Mientras más datos conocemos sobre la muerte de David de los Santos, más turbio se revela el manejo de la Policía Nacional.
Los vídeos y testimonios que han salido a la luz ponen en evidencia la crueldad extrema con la que fue tratado y la forma en la que los agentes encargados de garantizar su seguridad se burlaron de él en el trance que lo llevó a la muerte.
El trato inhumano no acabó con la golpiza, sino que continuó en la forma clandestina en que fue llevado moribundo a un hospital y la ocultación de estos hechos a la familia.
El despropósito no se detuvo ahí. Una vez estallado el escándalo se hizo lo posible por evitar que la población viera las responsabilidades donde están: en la Policía y su cultura de desprecio por los derechos fundamentales.

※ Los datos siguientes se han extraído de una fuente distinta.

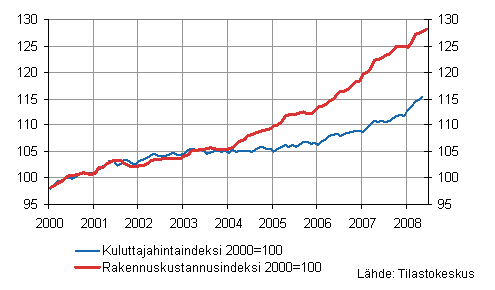 Rakennuskustannusindeksi 2000=100 ja kuluttajahintaindeksi 2000=100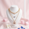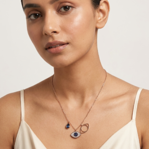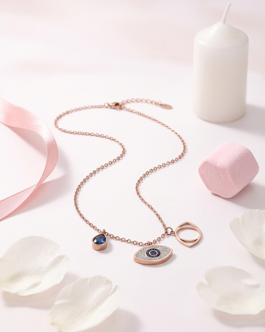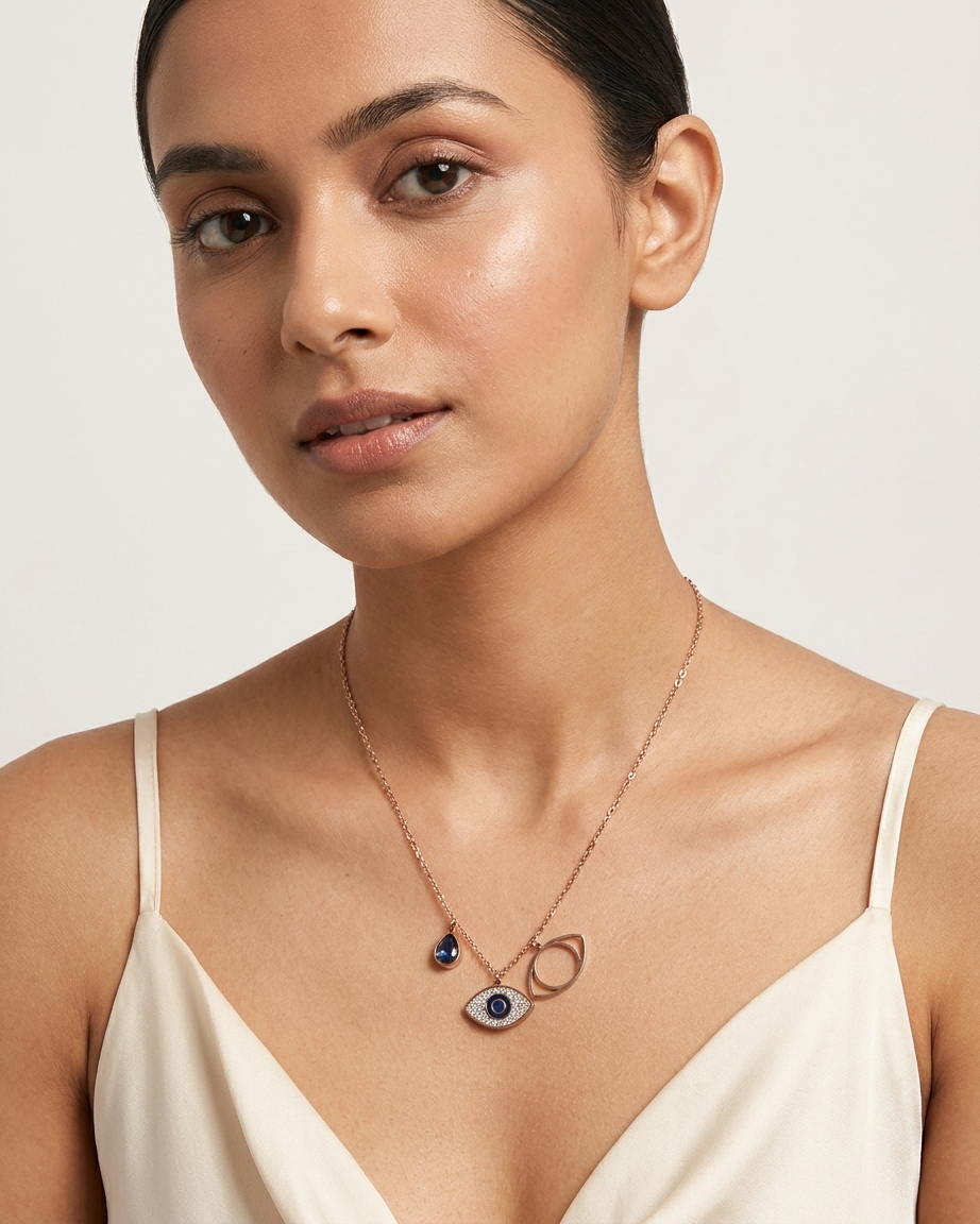 Our Evil Eye Charm Necklace is crafted for the woman who seeks a balance between spiritual intention and aesthetic refinement. The necklace showcases a central evil eye charm, meticulously pavé-set with brilliant clear crystals around a deep blue core. Flanking the center are two additional charms: a rich, faceted sapphire-toned teardrop crystal that catches the light beautifully and a contemporary hollow-eye silhouette in polished rose gold. This multi-layered design offers a modern, curated look that feels both personal and high-end.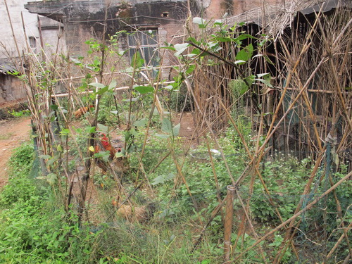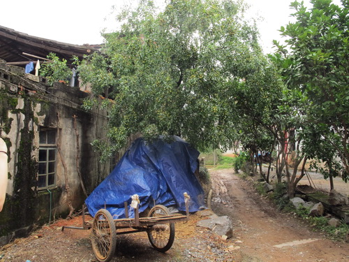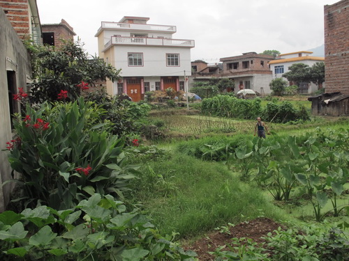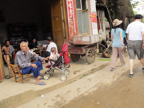 11:40頃、唐さんの家の所在地の「永冨村」に到着しました。車を村役所に停めてから、私たちは歩いて唐さんの家へ行きました。村の出入口に大きな楠木が一本あります。大木の下に売店があります。店の人がのんびりに喋ったり、「字牌」をやったりしていました。私たちを見ると友好的に挨拶をしてくれました。唐さんのご主人の話によるとこの村の人の祖先は湖南省から引越して来たそうです。村には老人と子どもが多かったです。若い人はあまり見えませんでした。中国の田舎はどこへ行っても若者が少ないことは同じです。他の農村と違ったのは村の中に畑と水田がよくあります。そして、ナツメ、梨、桃、ビワなどの果物の木がよく植えられていました。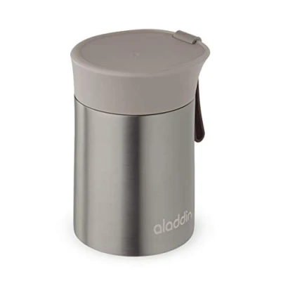 Aladdin Enjoy Thermavac Stainless Steel Food Jar 0.4L Keeps Hot or Cold for 5.5 Hours Double Wall Vacuum Insulation Lunch Box Leakproof Silicone Strap BPA Free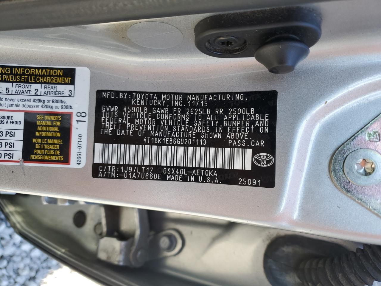 - ВИН: 4T1BK1EB6GU******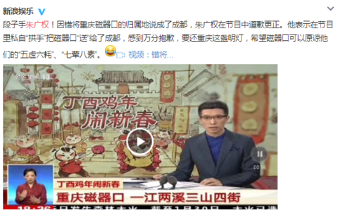 朱廣權表示,在節目里私自拱手把磁器口送給了成都,為此感到萬分抱歉,希望磁器口一江兩溪三山四街能夠原諒央媽的五虛六耗七葷八素。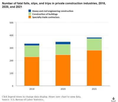 Data from BLS shows the construction industry accounted for 46.2% of all fatal falls, slips and trips in 2021. Fatalities among specialty trade contractors grew from 245 in 2020 to 281 in 2021, a 15% increase.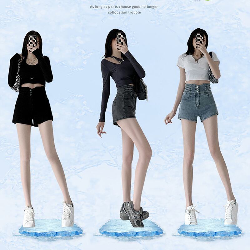 ハイウエストなかさ上げデザインに三つボタンのデニムホットパンツ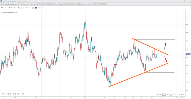 The long-term formation in copper resembles a triangle that may or may not have completed its fourth (out of five) corrective wave at $385/t. Further upside past $391/t could validate a prolonged wave or invalidate the pattern with a bullish pennant should prices move beyond $402/t. Falling under $371/t may instead see bearish momentum towards $362/t increase.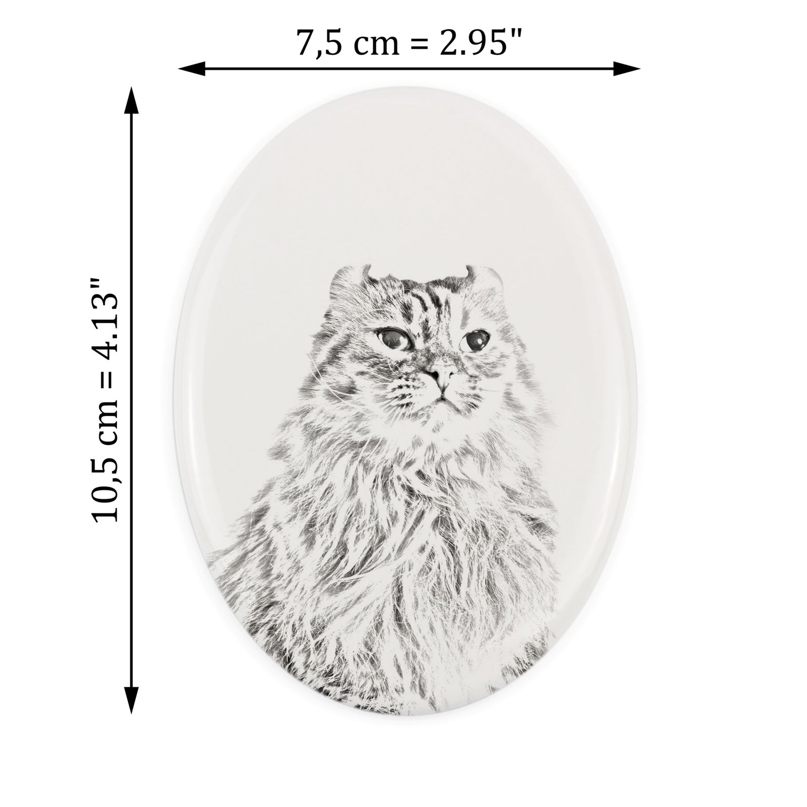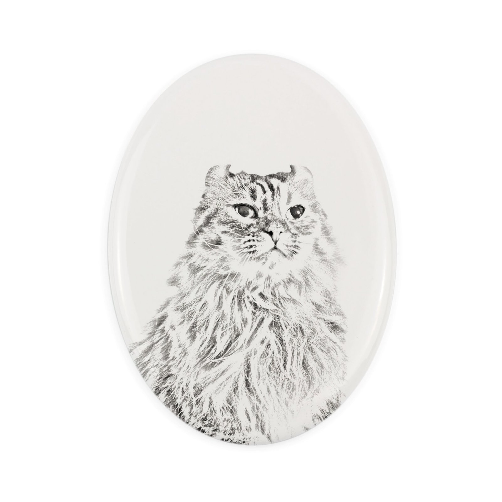 Amerikos garbanė (American Curl) – Atminimo lenta su katės nuotrauka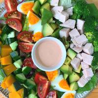 手作りドレッシングがクリーミーで爽やかな味わいが大好評!ヨーグルトのまろやかさとニンニクの風味が絶妙です。サラダチキンやアボカド、トマト、ゆで卵などゴロゴロとした具材が食べ応え抜群。チリパウダーやクミンを加えてアレンジも楽しめます。切って盛り付けるだけの簡単調理で、彩り豊かな一皿に。お店のような本格的な味わいで、野菜がモリモリ食べられると好評です。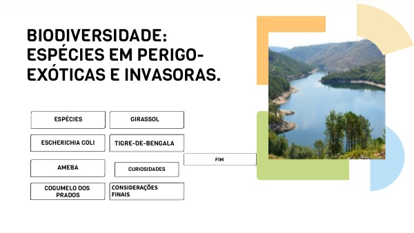 ESCHERICHIA COLIEscherichia coli é uma espécie do reino Monera, é um ser procarionte, vive no intestino humano e noutros animais de sangue quente e é um ser heterotrófico. Está bactéria ajud a na digestão e na produção de vitaminas no intestino, mas também pode causar doenças. Para evitar essas doenças é necessário lavar as mãos antes de tocar numa comida e depois de ir a casa de banho, mas também lavar os alimentos antes de os consumir. AMEBA A ameba tem ampla distribuição e não estão ameaçadas. São importantes para o equilíbrio ecológico, pois decompõem matéria orgânica e reciclam nutrientes. Normalmente não causam impacto negativo na biodiversidade , mantendo-se como parte natural dos ecossistemas. COGUMELO-DOS-PRADOS O Cogumelo-dos-prados (Agaricus campestris) é um fungo comum em Portugal, encontrado principalmente em prados, campos e pastagens. Desempenha um papel importante na reciclagem de nutrientes, ajudando a manter o equilíbrio do ecossistema. É comestível quando jovem, mas deve ser identificado com cuidado para evitar confusões com espécies tóxicas. A preservação do seu habitat é fundamental para garantir a continuidade da espécie e a saúde do meio ambiente. GIRASSOL O girassol (Helianthus annuus) apresenta um estado de conservação estável, sendo amplamente cultivado em diversas regiões do mundo. Apesar de não ser uma espécie ameaçada, a sua introdução em áreas fora do seu habitat natural pode ter efeitos sobre a biodiversidade local. Em determinadas circunstâncias, pode competir com espécies nativas por recursos como luz, solo e água, alterando o equilíbrio ecológico. No entanto, quando cultivado de forma controlada e em ambientes agrícolas, o impacto do girassol sobre a biodiversidade autóctone tende a ser reduzido. Assim, é importante promover práticas sustentáveis de cultivo que minimizem possíveis efeitos negativos sobre os ecossistemas nativos da região onde é introduzido. Tigre-de-bengala O tigre-de-bengala encontra-se em perigo de extinção, principalmente devido à perda de habitat, à caça furtiva e à redução das suas presas naturais. Sendo um predador de topo, o seu desaparecimento provoca desequilíbrios ecológicos, permitindo o aumento excessivo de herbívoros e, consequentemente, a degradação da vegetação.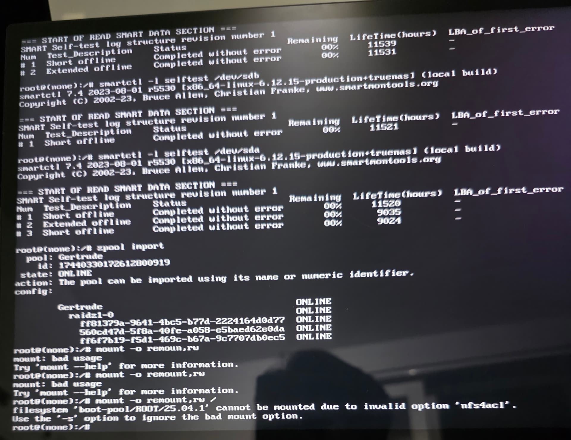 A couple of months ago my NAS went down, when I checked it, I noticed a kernel panic. After some troubleshooting (with some help from ChatGPT) I ran a memtest and found out one of my RAM sticks was bad. Replaced the faulty stick, re-ran memtest without errors and then reinstalled TrueNAS Scale and set everything up again. Was all fine until a couple days ago, when again I couldn’t reach my NAS. Important to note, at the time I was extracting 3x 50GB zip files on the NAS when it lost connection.

Sin embargo, no hay forma de eludir esa responsabilidad, ni tampoco de que resurjan casos similares, que los hay. Por eso, la “solución” a la que se juega es a la misma de siempre: dejar que el tiempo corra apostando a la corta memoria de la sociedad dominicana.
Esto puede explicar el motivo por el cual el director de la Policía dejó plantados a los diputados que lo llamaron a brindar explicaciones sobre estos hechos.
Pero, aunque las cosas se olviden, aunque salgan de nuestro campo de visión, el problema sigue siendo real. Y cada vez que vuelva a llamarnos la atención, estará peor. Estos males no se resuelven espontáneamente, requieren trabajo, paciencia y, sobre todo, claridad respecto de aquello con lo que nos enfrentamos.
Por mucho que sea cierto que la Policía es un reflejo de la sociedad que aún somos, es un obstáculo para la que queremos ser. El orden social basado en la violencia no es otra cosa que una bomba de relojería a la espera de su inevitable estallido. La reforma debe ser radical y profunda, aunque se tome su tiempo. Pero este estado de cosas tiene que cambiar.